Another remarkable piece is the essay “Necessary Journeys” by Niamh Campbell. Having grown up in Dublin, Campbell has a PhD in English from King’s College London and her writings have appeared in many literary journals, including The Dublin Review, Stinging Fly and Banshee. Her essay is about Tarot reading, which she wanted to write about as it “follows a wheel of progression that echoes most narratives of life”, but is generally dismissed as “frivolously feminine”. Campbell’s piece echoes the intense loneliness and isolation of lockdown, and the frustration that built within most of us due to the lack of structure, routine or enjoyment in life.
Campbell describes shuffling the deck of Tarot cards “in search of a reason to get out of bed”, looking for some sort of guidance as to what the uncertain future, and a life that had been suspended in time, might hold. For Campbell, there was “nothing to do to relax except walk” through Phoenix Park, where she reflects on an instance from years before when she walked the same trail, suffering from great personal stress. Years later, she finds herself in the same position, albeit under vastly different circumstances. This essay reflects beautifully on the passage of time and the all-consuming nature of personal suffering, which goes in cycles, taking over our lives in the future just as it did in the past.
As well as literary pieces, the collection features many wonderful visual works, such as Conor Merriman’s illustration “Together”. Merriman is a freelance art director based in Dublin, with a BA in Visual Communication from the National College of Art and Design. His illustration is a captivating, arboraceous landscape, full of foliage and earthy tones. The vast array of brightly coloured trees and flowers surround two smaller figures on bikes, faces painted with shy smiles.
The subject of the painting is a socially distanced cycle between Merriman and his boyfriend after six weeks spent apart in self-isolation. Merriman describes the feelings of joy and relief he felt at such a small, inconsequential event, and how it made him hopeful that “the future will be filled with beauty and connection once again”. “Together” reminds us how easy it is to become entrenched in the demands of daily life, and how lockdown reminded us of our capability to find happiness and light in the smallest of joys.

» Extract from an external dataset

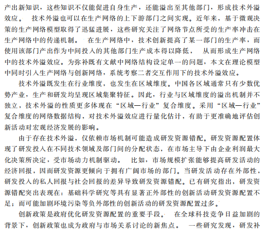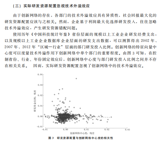 摘 要:由技术外溢引致的外部性,是创新活动相对于其他经济活动最重要的经济学属性之一,但创新政策的理论研究和实践设计常常将之排除在外。采用生产网络和创新网络分析方法可将技术外溢问题引入经济学分析,进而提升研发资源有效配置和最优创新政策设计的理论完整性与现实相关性。研究发现:我国在“区域—行业”维度的技术外溢显著存在,但企业的市场化决策未能将其纳入考量,引致研发资源错配,这为创新政策介入提供了合理性;中国研发资源配置效率自2010年后明显提升,创新政策在其中发挥重要作用。中国创新政策应更多关注技术外溢效应和细化政策工具组合,以更好发挥有效市场和有为政府的协同作用。

These are only three of the many breathtaking pieces that the Illuminations collection has to offer. Through these RTÉ commissions, Irish artists effectively and poignantly captured the complex experience of lockdown and the myriad of feelings and perspectives that came with it. The ever-expanding Illuminations collection is available to view on the RTÉ website until mid-December, where you can find more essays, spoken word pieces, visual art and photography, along with more information about the artists involved.